I tried it out briefly but was getting a couple of errors, I’d need to spend a while looking at it to figure out what was going wrong. Maybe after the RSNA kaggle comp :slight_smile:

@morgan look at the optimizer notebook. It seemed to me like the new optimizers need to be ported over to the new pytorch to directly use them. (Or redone how fastai expects them)

1 Like

Hey all,

Here is a rough first draft of a working RangerQH port from @LessW2020 for fastai_v2.

The main difference I could see between the original code and what fastai v2 Optimizer wanted was the need to split into updates to the State and then the actual Step function.

stats
Updates to elements in the State happen by passing functions to stats in the main RangerQH optimizer function.
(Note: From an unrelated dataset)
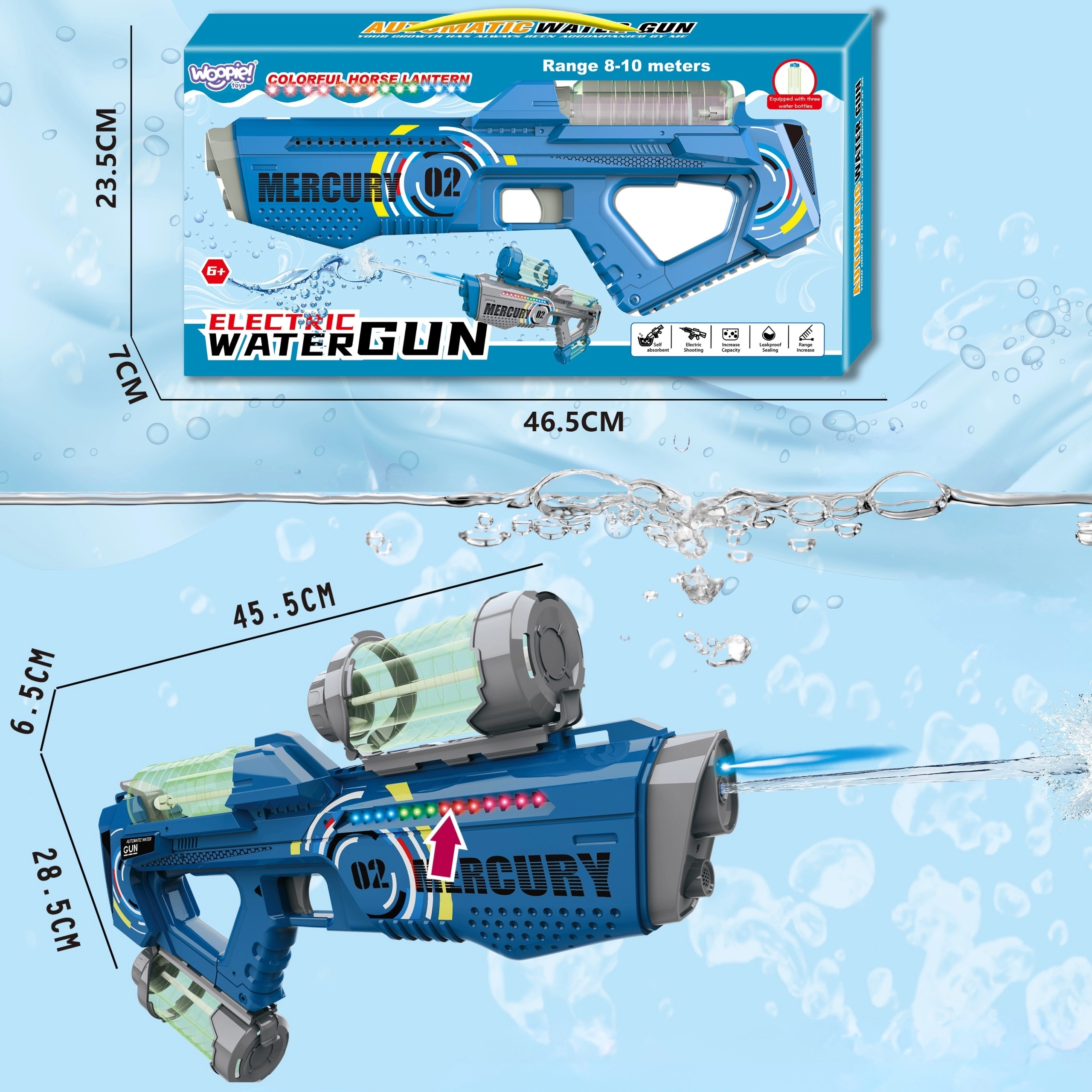 Die elektrische Wasserpistole WOOPIE MERCURY 02 ist für maximalen Komfort und Spaß konzipiert. Dank des automatischen Betriebs musst du nicht pumpen – einfach den Abzug drücken und einen kontinuierlichen Wasserstrahl genießen. Der 2200-mAh-Akku sorgt für lange Laufzeit pro Ladung und eine LED-Anzeige informiert dich über den Ladestatus.

Updates to the State happen sequentially in order of the functions passed.

steppers
Updates to the parameters themselves happen via steppers, which again is a list of functions, executed sequentially on your parameters p.

This was my first go at playing around with the innards of an optimizer so there is plenty to improve in my code I’m sure, happy to hear any suggestions around logic and naming conventions in particular :smiley:

One thing thats probably worth doing is splitting the Lookahead steppe out from rangerqh_step and into its own stepper, I haven’t had time today.

Also, I have just tested on the MNIST logistic classifer net from the “What is torch.nn Really” tutorial where it consistently beat SGD. Haven’t used it on more advanced architectures yet so there might be a little more work to do yet.

4 Likes

Trialling it out with EfficientNet-b2 but the lr_finder is giving much too high a loss, used to getting closer to 0.07 at the minimum…

@morgan see sguggers comment here. Turns out we already have a full ranger! This should help with adapting QH :slight_smile:

Meet Ranger - RAdam + Lookahead optimizer

Perhaps you could implement the Quasi Hyperbolic Momentum? (Only part missing) and make it modular like RAdam and LookAhead? (Or see if your current version will stack together!)

2 Likes

Haha nice, lets see what a proper implementation looks like :smiley: will see if I can figure a good way to add QH

1 Like

Fit_fc is now in there too as fit_flat_cos (thanks sgugger!)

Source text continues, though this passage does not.